3.) der S. GmbH in D., vertreten durch ihren Liquidator, den Dipl.-Kaufmann G. C. in D., B.str....,
4.) des Kaufmanns Artur K. jr. in H., N. F.,
5.) ...
Prozessgegner
den Rechtsanwalt Max B. in D., A.str.... als Konkursverwalter über das Vermögen der E. & H. GmbH in D., M. Str....,
hat der II. Zivilsenat des Bundesgerichtshofs auf die mündliche Verhandlung vom 28. April 1955 unter Mitwirkung des Senatspräsidenten Dr. Canter und der Bundesrichter Dr. Delbrück, Dr. Fischer, Dr. Kuhn und Dr. Winkelmann für Recht erkannt:
Tenor:
Die Revision der Beklagten zu 3) und 4) gegen das Urteil des 6. Zivilsenats des Oberlandesgerichts in Düsseldorf vom 9. Juli 1953 wird zurückgewiesen. Die Beklagten zu 3) und 4) haben die Kosten der Revisionsinstanz als Gesamtschuldner zu tragen.
Von Rechts wegen
Tatbestand:
Der Kläger ist der Konkursverwalter über das Vermögen der E. & H. GmbH. Die Gesellschaft wurde am 11. Juli 1949 mit einem Stammkapital von 20.000 DM gegründet und am 6. Oktober 1949 ins Handelsregister eingetragen. Ihre beiden Gesellschafter und Geschäftsführer waren die Beklagten zu 1) (E.) und 2) (H.). Sie brachten das Geschäft und das Inventar einer vorher von ihnen betriebenen oHG ein, bewerteten diese Sacheinlage mit 15.000 DM und zahlten den Rest je zur Hälfte ein. Am 16. Februar 1950 wurde das Konkursverfahren über die GmbH eröffnet. Einem realisierbaren Vermögen von rund 10.000 DM standen rund 117.000 DM Schulden gegenüber.

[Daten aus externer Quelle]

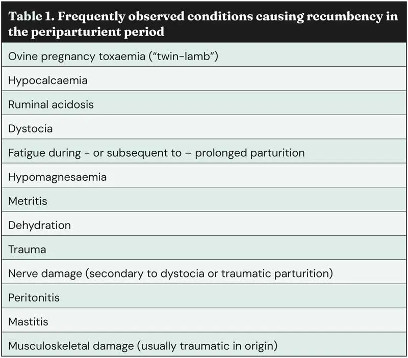 Table 1 shows a list of the most frequently observed differential diagnoses for recumbent ewes in the periparturient period.
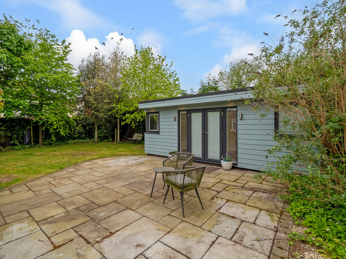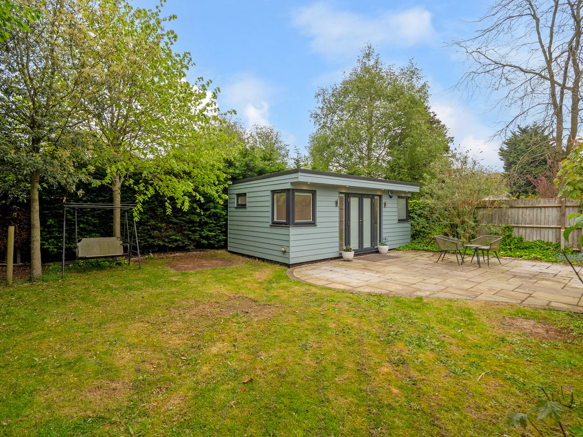 • Picturesque Gardens. An enclosed rear garden with a patio and detached garden room create a serene outdoor haven.

Die Gemeinschuldnerin betrieb Großhandel mit Fischkonserven. Eine ihrer Abnehmerinnen war die S. GmbH, die Beklagte zu 3). Diese Gesellschaft hatten der Beklagte zu 2) und der Beklagte zu 4) (K.) am 14. Juni 1949 mit einem Stammkapital von 50.000 DM gegründet (Eintragung am 1. August 1949). Geschäftsführer dieser Gesellschaft waren die Beklagten zu 2) und 4). Gegenstand des Unternehmens war der Betrieb von Einzelhandelsgeschäften zum Verkauf von Fischen und Fischwaren. Die Beklagte zu 3) errichtete fünf Ladengeschäfte (in D., K. Straße, in D. [H.], in V. und in K., H. und K. Straße). Beide Gesellschafter zahlten ihre Stammeinlagen von je 25.000 DM ein. Der Beklagte zu 4) lieh dem Beklagten zu 2) den Einlagebetrag. Zur Sicherheit hierfür verpfändete der Beklagte zu 2) seinen Geschäftsanteil dem Beklagten zu 4). Dieser bevollmächtigte den Beklagten zu 2), das Stimmrecht für den verpfändeten Geschäftsanteil auszuüben. Die Beklagte zu 3) blieb auf Warenlieferungen der E. & H. GmbH 61.421,88 DM schuldig.
Am 25. November 1949 beschlossen die Beklagten zu 2) und 4) - nach ihrer Behauptung infolge von Unstimmigkeiten - formlos die Auflösung der Beklagten zu 3). Die Auseinandersetzung sollte in der Weise vollzogen werden, daß der Beklagte zu 2) die Geschäfte in D., H. und V. und der Beklagte zu 4) die beiden Geschäfte in K. zugeteilt erhielt.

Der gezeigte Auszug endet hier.